New Ranks for Elite Universities to Recognize the Underracks of Diversity

New Ranks for Elite Universities to Recognize the Underracks of Diversity

New Ranks for Elite Universities to Recognize the Underracks of Diversity

As colleges and universities expand their reach through global exchange programs and a growing trend towards diversity and inclusion, the need for expert support and staffing on elite college campuses has become a major issue. From emergency services to support personnel for students with disabilities, and officers to provide increased security, how much can any school rely on a network of faculty and staff working to offer the best of educational facilities?

Yet there is a persistent bias towards privilege that is indicative of elite universities, according to a study published in Perspectives on Psychological Science by Shumeet Banerjee and Jesse Mooney, University of Chicago and University of Virginia researchers respectively. For instance, whites with a command of English were more likely to be recruited as dorm staff than their black peers, and more likely to volunteer as school and library attendants. The researchers noted that hiring based on privilege is not new but has gone mainly unnoticed until recent decades.

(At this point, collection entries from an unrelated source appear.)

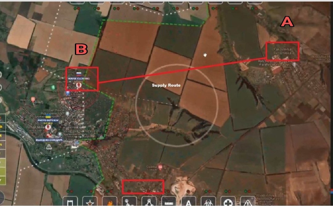 Kαι προχώρησαν σε κάθετη υπερκέραση της περιοχής που οι Ουκρανοί θεωρούσαν απόλυτα ασφαλισμένοι: Τα ρωσικά ελικόπτερα πέταξαν χαμηλά, σε «tree top level» (κάτω των 50 μέτρων), από το σημείο Α (Yakovlevka) στο σημείο Β, στα νώτα των Ουκρανών.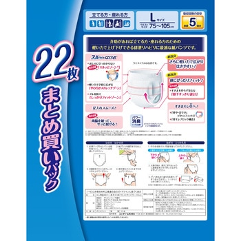 「スルッとはける」介助があれば立てる方・座れる方のための、軽い力で上げ下げできる、排泄リハビリに最適な紙パンツ●軽い力でサッと広がりはきやすい。●特許技術「股下すっきり設計」※1で身体とのすきまをつくらずぴったり安心。●特許技術 ご本人でも破りやすい「らくらくステッチ」※2。両脇を破って、サッと脱げる。●特許技術 背中・足ぐりにふんわりフィットする「背中・足ぐりピタッとギャザー」がすきまモレを低減。●背モレブロック構造。尿・軟便をせきとめる空間が背モレを防ぐ。●特許技術 ギャザー間が広い「パッドすっぽりギャザー」でパッド交換が簡単。●特許技術 おしりに引っかからない「スルッとゾーン」がウエストゴムの巻き込みを防止。●特許技術 「足入れスムーズ」によりすっきり形状で足の指がひっかからない。●「やわらかストレッチゾーン」が軽い力で2倍に広がる。●「しっかりフィットゾーン」がズレを防ぐ。●「スーパーロング吸収体」でおなかからお尻まですっぽり包む。●全面通気シートで、ムレずにサラサラ。●下着のような肌触り。●パワー消臭トリプル効果※3。<以下注釈>※1股下の吸収体括れ部の前後とその前側にある変形誘導部により、股下部とその前側を股間の凹部から脚繰りに沿って肌側に凸に変形しやすくする吸収体構造。※2係止部の剥離強度が製品横方向に比べて縦方向が弱い、サイドシール構造。※3アンモニア・ジメチルアミン・インドールについての消臭効果があります。おしっこ約5回分(約750cc)を吸収します。医療費控除対象品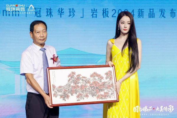 多年来,从“每一块都很美”到“大美筑家中国冠珠”的美美与共,冠珠瓷砖与品牌代言人迪丽热巴始终在大美同行。为答谢冠珠瓷砖品牌代言人迪丽 热巴亲临助阵发布会,以及一直以来对品牌的支持,新明珠集团董事长兼总裁 叶德林赠送代言人迪丽热巴专属定制的艺术岩板画。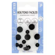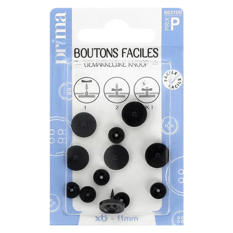 6 boutons faciles blanc. Taille 11 mm. Sans fil ni aiguille, ces boutons se posent en quelques secondes. Entièrement en polyamide, ils résistent à toutes les opérations d'entretien, de brossage et de repassage. Ils sont entièrement recyclable.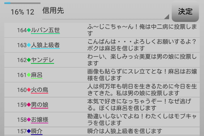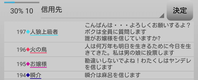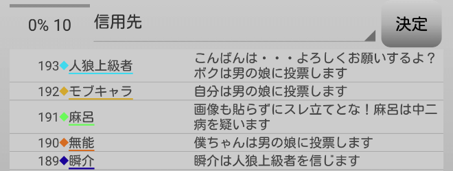 瞬介「よし。グレランの流れではない。このまま信頼関係を築きつつ、LWを処刑してしまおう。俺は俺の○である『人狼上級者を信頼します!』」

Yet it was by no means confined to these findings. The three study results paint a picture of educational institutions averse to taking any measure to lessen the bias against disadvantaged students. The results showed that in contrast to accessibility and diversity efforts of elite institutions, the majority of elite institutions still have fairly fixed “with or without” racial segregation. In this regard, the bias against the disenfranchised has existed for many years. In fact, most of the categories were noted to be “slightly more severe” than almost every other minority group.

From this perspective, Banerjee and Mooney maintain that as colleges and universities transform, the racial underpinnings of inequality will continue to persist.

Consequently, with regard to certain minority groups, such as blacks and Latinos, minority students are no longer the focus of segregated college campuses, but they are the main target. What’s more, the recruitment and recruitment drives are less strict, and many groups are not acknowledged as experiencing discrimination at all. The alternative, reflected in more elite institutions, has been to create mechanisms through which minority groups can integrate into the campus community on an equal basis.

These institutions tend to do so through multi-disciplinary activities with a focus on lifelong and lifelong improvement. They are clearly defined as institutions of “equity and inclusion” that focus on how best to impact disadvantaged student populations to help them succeed.

If institutions committed to helping minority groups become the focus of their educational efforts and consequently, the significant efforts they are making in this area, would be opened up to the prospective students, job prospects would dramatically improve.

Nevertheless, the study has received mixed reactions.

“Often the term privilege can be used to support harassment of minorities,” observed Ronald Simon, Deputy Director of Institutional Research and Administration for the American Council on Education (ACE), citing the use of the term as a form of “identity politics”.

“There’s nothing good about it,” argued the second co-author, Mooney. “If you label it and label it and label it, then it doesn’t matter,” he added.

Yet for some, the results confirm that minority students are not being given the full attention they require.

“These studies help to affirm the failure of our college admissions policies that ignore socioeconomic discrimination and still place undue privilege in the hands of the affluent,” say Joseph Winston, Director of Policy Research at the University of Pennsylvania.

“The ‘post-racial’ story that is being sold to the public today was carried out not only on the backs of the few, but on the backs of the many,” adds J. Jose De Jesus, Fellow at the National Latino and Puerto Rican Heritage Institute.

As schools try to grow and scale, diversity and inequality are two conflicting issues that will likely continue to be present. Educational environments that are supposed to be accessible, inclusive, and positive will continue to be skewed towards the marginalized. Will institutionalized bias be truly eradicated when elite colleges expand? Only time will tell.